It looks like you've uploaded a mathematical problem in Persian, involving multiple integrals. Let's break it down and solve the following integrals:

1. $\int_{-3}^{3} \int_{0}^{\frac{\pi}{2}} \left( y + y^2 \cos(x) \right) \, dx \, dy$
2. $\int_{0}^{1} \int_{0}^{1} e^{x+y} \, dx \, dy$
3. $\int_{1}^{2} \int_{x}^{e} e^{\frac{x}{y}} \, dy \, dx$

I will now proceed to solve each integral step-by-step. sympy import symbols, integrate, cos, exp, pi, E

Defining the variables

x, y = symbols('x y')

Solving the first integral

integral1 = integrate(integrate(y + y**2 * cos(x), (x, 0, pi/2)), (y, -3, 3))

Solving the second integral

integral2 = integrate(integrate(exp(x + y), (x, 0, 1)), (y, 0, 1))

Solving the third integral

integral3 = integrate(integrate(exp(x/y), (y, x, E)), (x, 1, 2))

integral1, integral2, integral3Here are the results for the integrals:

1. The result of the first integral is $18$.
2. The result of the second integral is $-e + 1 + e \cdot (-1 + e)$.
3. The third integral has a more complex result involving the Exponential Integral (Ei function):

- \frac{e^2 \cdot e^{e^{-1}}}{2} - \frac{3e}{2} - 2 \cdot Ei(2e^{-1}) - \frac{e \cdot e^{e^{-1}}}{2} + \frac{Ei(e^{-1})}{2} + \frac{3 \cdot Ei(1)}{2} + \frac{e \cdot e^{2e^{-1}}}}{2} + \frac{e^2 \cdot e^{2e^{-1}}}{2}

Would you like further details on any of these integrals or additional clarifications?

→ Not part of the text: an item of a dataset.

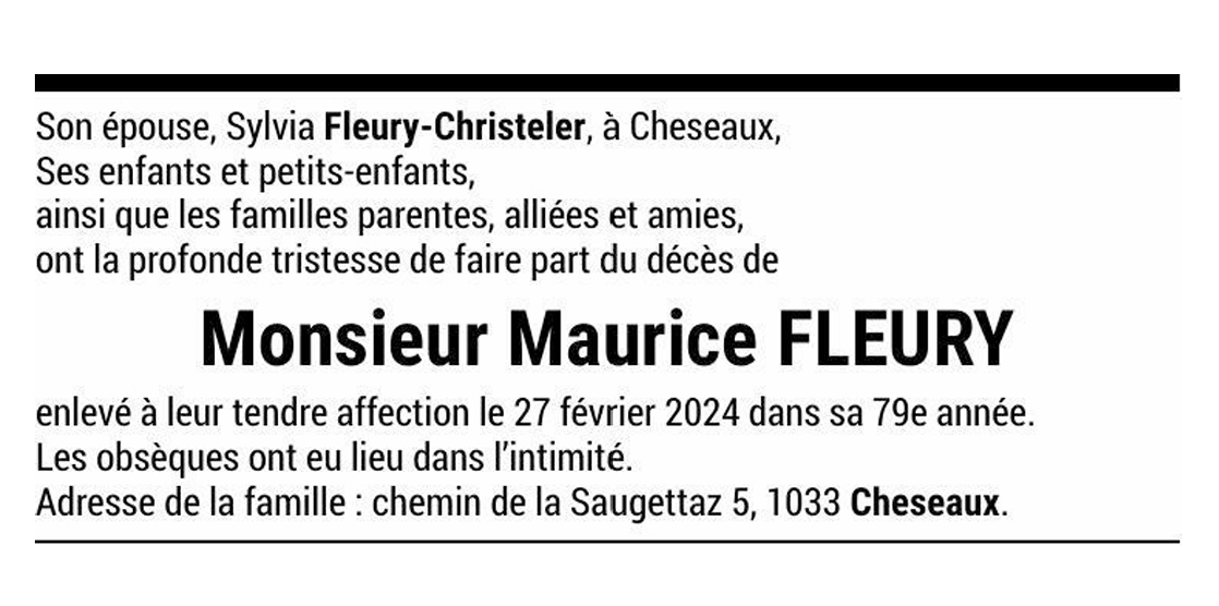 Monsieur Maurice FLEURY 29 juin. 1945 - 27 fév. 2024 Avis mortuaire PFG Télecharger PDF Partager sur: Galerie PreviousNext PreviousNext
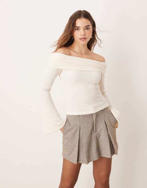 ASOS DESIGN - Top texturé ultra doux à encolure Bardot et manches évasées - Crème

Here are some related questions you might explore:

1. How do you apply the Exponential Integral (Ei) function in integrals?
2. What are the properties of definite integrals involving trigonometric functions?
3. How do we simplify double integrals involving exponential functions?
4. How does the change of limits affect the evaluation of integrals?
5. What is the physical interpretation of these integrals in different contexts?

Tip: Always break down complex integrals step by step, especially when combining functions like exponential and trigonometric terms!